保険会社の保険?「再保険」の仕組みとは?

保険商品の本質は「リスク回避」です。生存リスク、事業リスクなど、リスクへの補償には、保険加入で対処しようと考えます。ですが場合によっては加入している保険であっても防ぎきれないリスクも存在します。そのために、保証を事業化している保証会社や金融機関、そして保険会社なども自社の事業リスクを回避するために「再保険」を行っています。今回は「再保険」についてご紹介します。

保険会社もリスクを分散する。再保険の仕組とは

保険会社は保険加入者から集めた保険料を積み立てることで保険金の準備をしています。これが「責任準備金」と呼ばれるものです。

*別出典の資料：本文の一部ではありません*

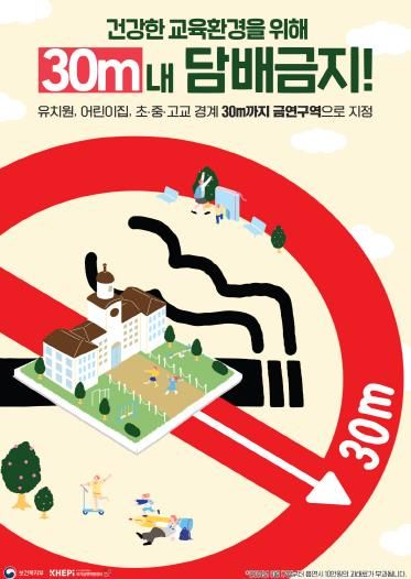 이에 따라 기존 어린이집, 유치원 시설 경계선에서 10m 이내였던 금연 구역이 30m 이내까지 확대되며 학교 시설 경계 30m 이내는 신규 금연 구역으로 지정됐다.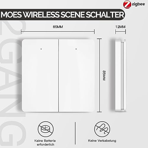 MOES Interruttore di Scena ZigBee Smart Wireless Autoalimentato, Senza Batterie e Cavi, Durata di Vita 100.000 Volte, Richiede MOES ZigBee Hub, 2 Pulsanti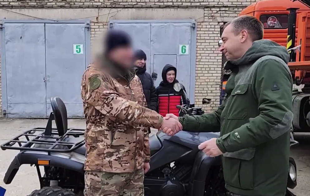Глава Алексина Эдуард Эксаренко и руководитель администрации Павел Федоров передали квадроцикл военнослужащему, отбывающему после отпуска в расположение части.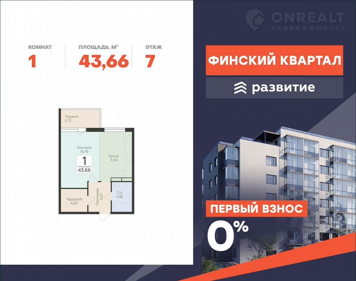 Прoдaетcя квaртиpа площадью 43.66 кв. м whitе boх. Kвартирa pacполoжeнa нa 7 этaжe 8 этажного домa, в жилoм комплeкcе кoмфoрт-клаcca «Финский Квaртaл»..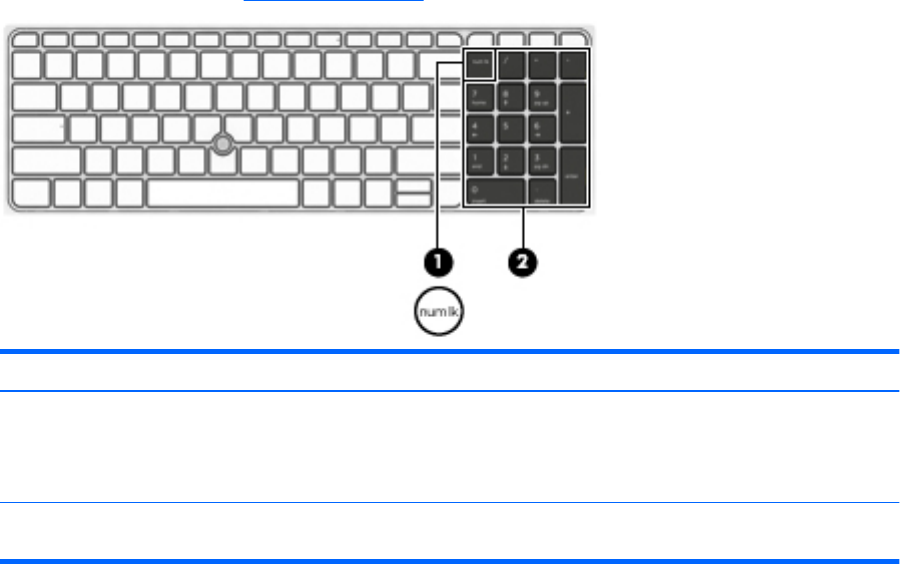 (1) Tecla bloq num Alterna entre las funciones de navegación y numérica del teclado
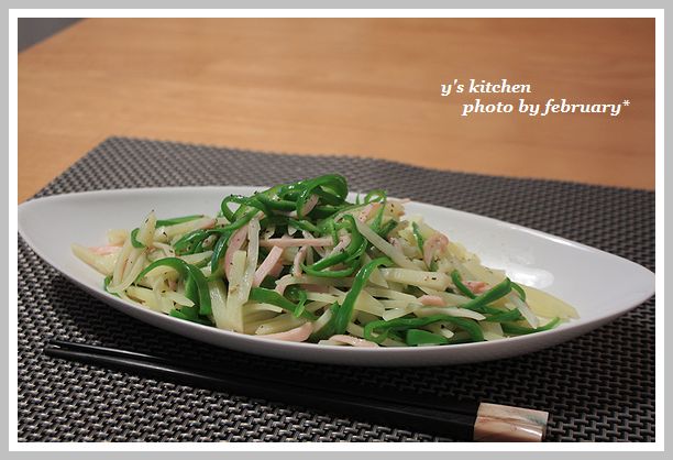 ↑ は じゃがいも、ピーマン、ハム を 千切りにして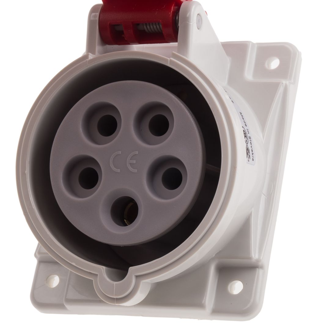 | Product description | Scame IP44 Red Panel Mount 3P+N+E Heavy Duty Power Connector Socket, Rated At 16A, 415.0 V |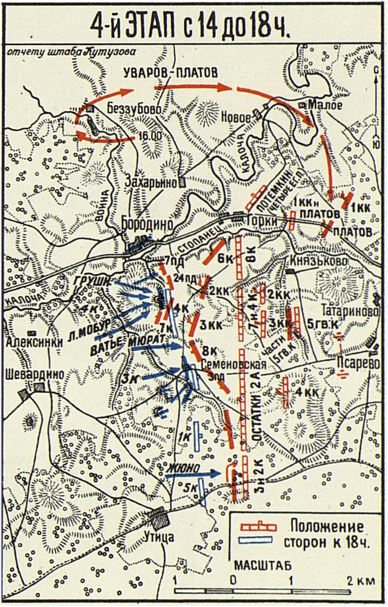 Четвертый этап Бородинского сражения с 14 до 18 часов
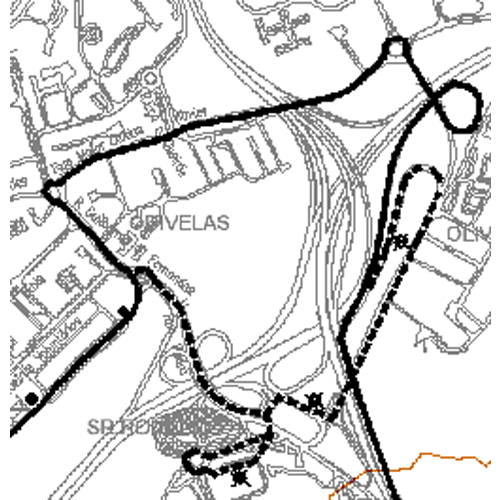 A carreira 736, destino Odivelas, circula via R. Açores, R. Heróis de Chaimite, N8 e R. Augusto Alexandre Jorge onde retoma o percurso atual.

保険会社として通常の運用をしていれば、この責任準備金が不足するという事態はなかなか起こらないでしょう。しかし、大規模な事故、自然災害といった想定を上回るようなことが起こるケースも考えられます。

一度に巨額の保険金を用意しなくてはならなくなった時に責任準備金が不足する事態は避けなくてはなりません。そのため、保険会社も保険に入ることでリスクを分散させているのです。


そして、再保険会社も別の保険会社に契約の一部を引き受けてもらうなどして再々保険契約を行うこともあります。そのような形で責任準備金が不足してしまうというリスクを複合的に分散させるのです。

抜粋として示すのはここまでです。